Step #1 for macro development: make the code work for one instance of your problem WITHOUT macros. Have you done this? Show us the code WITHOUT macros that is working.

--
Paige Miller
RW9
Diamond | Level 26 RW9
Diamond | Level 26

Please show some example test data - in the form of a datastep following:

https://communities.sas.com/t5/SAS-Communities-Library/How-to-create-a-data-step-version-of-your-dat...

 

And what you want out at the end.  I am looking at the first few steps in that program and can say that a lot of it is redundant straight off.  Starting with a simple program which achieves the required end from the input, is the way to start this process.  Also, please avoid coding all in uppper case, it reads like your shouting at us.

ballardw
Super User

First thing would be to get at least some familiarity with the syntax for Proc Surveyfreq:

These statements are from SUDAAN not SURVEYFREQ:

SUBPOPN ONE=1 / NAME="REPORT OUTPUT";
SUBGROUP age gender race youth grade OUTCOME;
LEVELS    2    2     5     2    4        2 ;
PRINT NSUM WSUM ROWPER SEROW LOWROW UPROW/ WSUMFMT=F9.0 NSUMFMT=F9.0;
OUTPUT  / FILENAME=PREV&X TABLECELL=DEFAULT REPLACE;

Output data sets from Surveyfreq use the ODS OUTPUT. You need to know which table created by surveyfreq contains the elements you want and then use a statement such as:

 

ODS OUTPUT CROSSTABS= mycrosstabdataset.

Crosstabs is the name of the row/column summary data

 

Optional statistics are on the TABLES statement.
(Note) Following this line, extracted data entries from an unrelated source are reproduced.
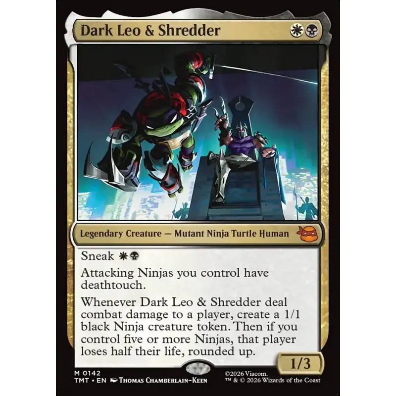 Whenever Dark Leo & Shredder deal combat damage to a player, create a 1/1 black Ninja creature token. Then if you control five or more Ninjas, that player loses half their life, rounded up.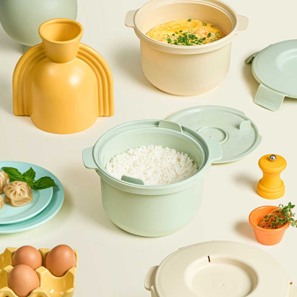 Calo Bowl Double Lid Low Carb Rice Maker Utensils PP Material Dishwasher & Microwave Safe Lightweight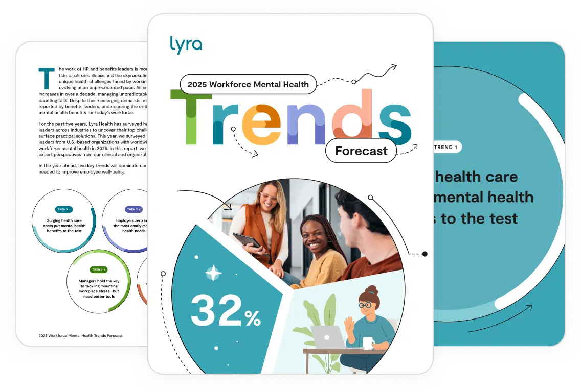 How can benefits leaders balance well-being with tightening budgets? What strategies address today’s most pressing mental health challenges and workplace shifts? Lyra’s 2025 Workforce Mental Health Trends Forecast explores these challenges. Backed by insights from clinical and organizational well-being experts and a survey of 500+ HR leaders, we uncover the key trends shaping workforce mental health to help you plan with confidence and clarity. Read the report to see our top 5 predictions for workforce mental health in 2025, including: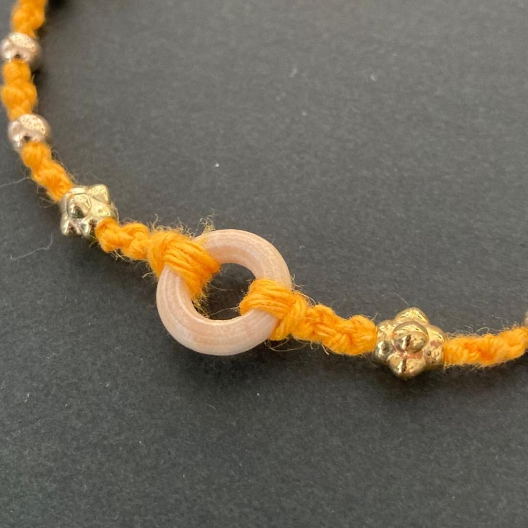 ハンドメイド [ 2541 ] ヘンプ ブレスレット or アンクレット 15〜30cm イエロー ゴールド

You likely want to have: CL for confidence limits of percentages, ROW for row percentages and standard errors,

 

Also the "post processing" of the output set will be significantly different than for SUDAAN output so wait and see what your output from Surveyfreq looks like.

If you have variables with coding that you do not want included in the analysis such as "unknown" for age you will want to have the variable set to missing as SAS does not do the "levels" the way that SUDAAN does and will include the other categories. So your percentages for the values of interest may not add to 100 with other coding.

 

And surveyfreq will let you compare MANY variables at one time. It may be easier to run all of your "outcome" variables by name:

TABLES (age gender race youth grade) * (drink drug othertopic);

jag07g
Fluorite | Level 6

Thanks all for the helpful suggestions. 

 

Here is what I have worked out so far using the surveyfreq command in SAS. This seems to give me what I want in terms of CIs and row percentages. 

 

proc surveyfreq data=2017data;
weight dataweight;
table (gender age youth race grade)*(drink drug [other vars])/ cl row nocellpct nostd nofreq nowt;
ods output CrossTabs=ResponseTable1;
run;

Would I be able to get the resulting cross tab data into Access so that I can further modify the names and labels of the columns? 

 

My next step I believe would be to continue developing the macro so that I would not have to list every outcome variable in the table statement as I have over 50 outcome variables? Thanks for all your help!

ballardw
Super User

@jag07g wrote:

Thanks all for the helpful suggestions. 

 

Here is what I have worked out so far using the surveyfreq command in SAS. This seems to give me what I want in terms of CIs and row percentages. 

 

proc surveyfreq data=2017data;
weight dataweight;
table (gender age youth race grade)*(drink drug [other vars])/ cl row nocellpct nostd nofreq nowt;
ods output CrossTabs=ResponseTable1;
run;

Would I be able to get the resulting cross tab data into Access so that I can further modify the names and labels of the columns? 

 

My next step I believe would be to continue developing the macro so that I would not have to list every outcome variable in the table statement as I have over 50 outcome variables? Thanks for all your help!


It is much easier to edit "names and labels" in SAS than in Access from my experience. Proc datasets is designed to do that without opening any existing data.

 

 

Again, though the output set gets a tad large you should be able to have all of your response variables in a single tables call.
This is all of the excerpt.